Citi already has lined up a Japanese buyer for Nikko Cordial, and the firm plans to eventually sell the rest of its Smith Barney stake to Morgan Stanley. Smaller divestitures have included the recent sale of three North American credit card portfolios with about $1.3 billion of managed assets.
Other businesses in Citi Holdings include portfolios for mortgages, auto loans and student loans; consumer lending operations in more than a dozen countries; Afore, a retirement fund administrator in Mexico; BellSystems 24, a call center in Japan; and commercial credit card operations including Diners Club. The division also holds about $200 billion of distressed securities.
Corbat has paid visits to many of the businesses that were placed in Citi Holdings to keep employees engaged and to encourage their participation in the restructuring of their groups, reminding them that they can best position themselves by making their business attractive to a buyer who might bring over the employee base as part of an acquisition.

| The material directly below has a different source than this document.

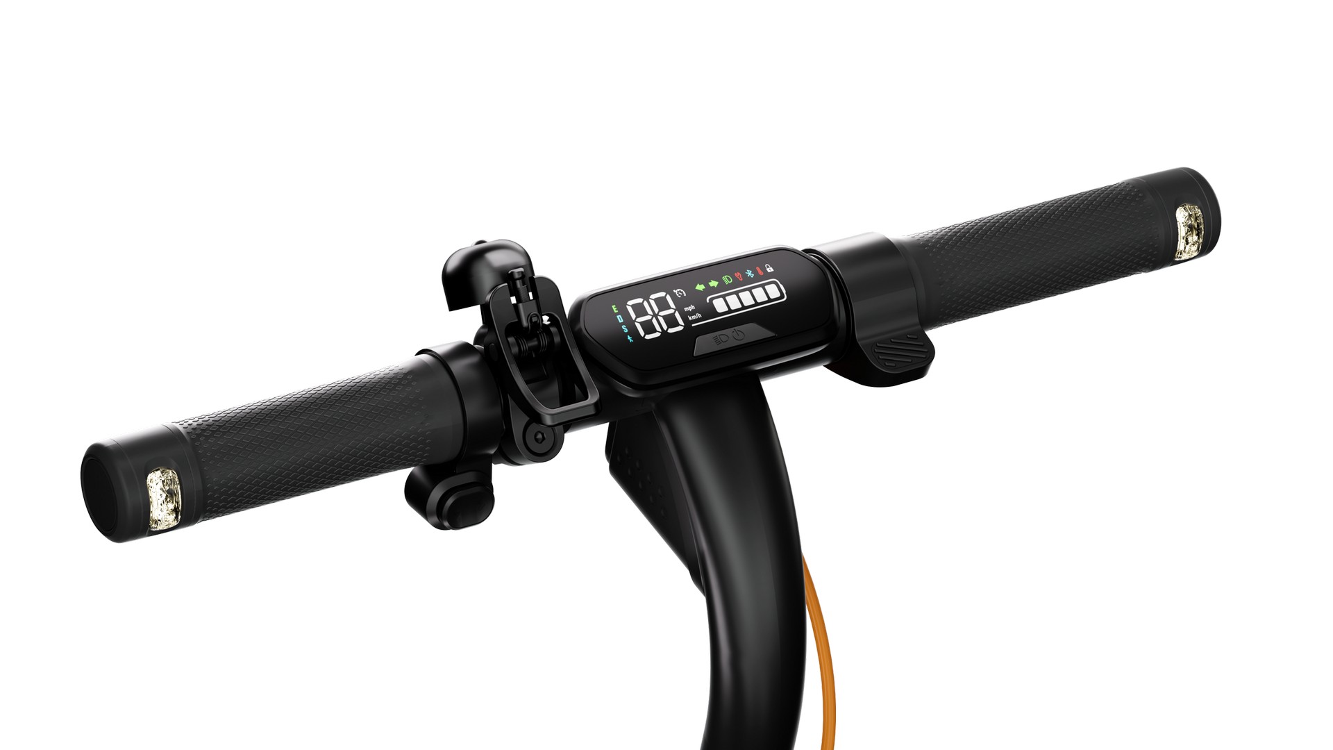eKickScooter har en ett-trinns sammenleggbar mekanisme for maksimal bekvemmelighet. Dette gjør det enkelt å transportere i heiser og offentlig transport, kompakt lagring på arbeidsplassen eller hjemme, og effektiv plassering i bilens bagasjerom.
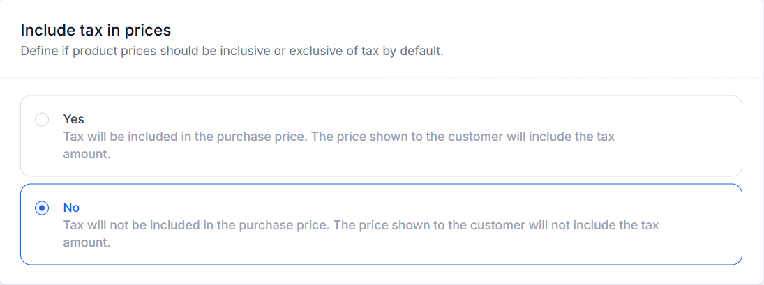 You can now specify whether product prices are tax-inclusive or tax-exclusive to ensure the right tax convention is followed. This setting can be applied to all products within this section. If no selection is made, Tax Exclusive is the default setting.

"You owe the employees the intellectual and moral honesty of telling them their businesses are for sale," Corbat said. But "you've introduced this uncertainty that probably doesn't age that well."
Uncertainty typically does not age well with investors, either. But between government support and other funding rounded up since the crisis began, Citi may have time on its side when it comes to resolving the fate of the assets in Citi Holdings - even the assets that cost Citi the most when the disarray in the financial markets led to painful writedowns.
"They've got the capital to hold it now," said Standard & Poor's equity analyst Stuart Plesser, who has a "buy" rating on Citi's stock. "And what else can really happen here that's going to destroy the value of these [assets] any further? There's nothing but upside here as they start reducing these assets."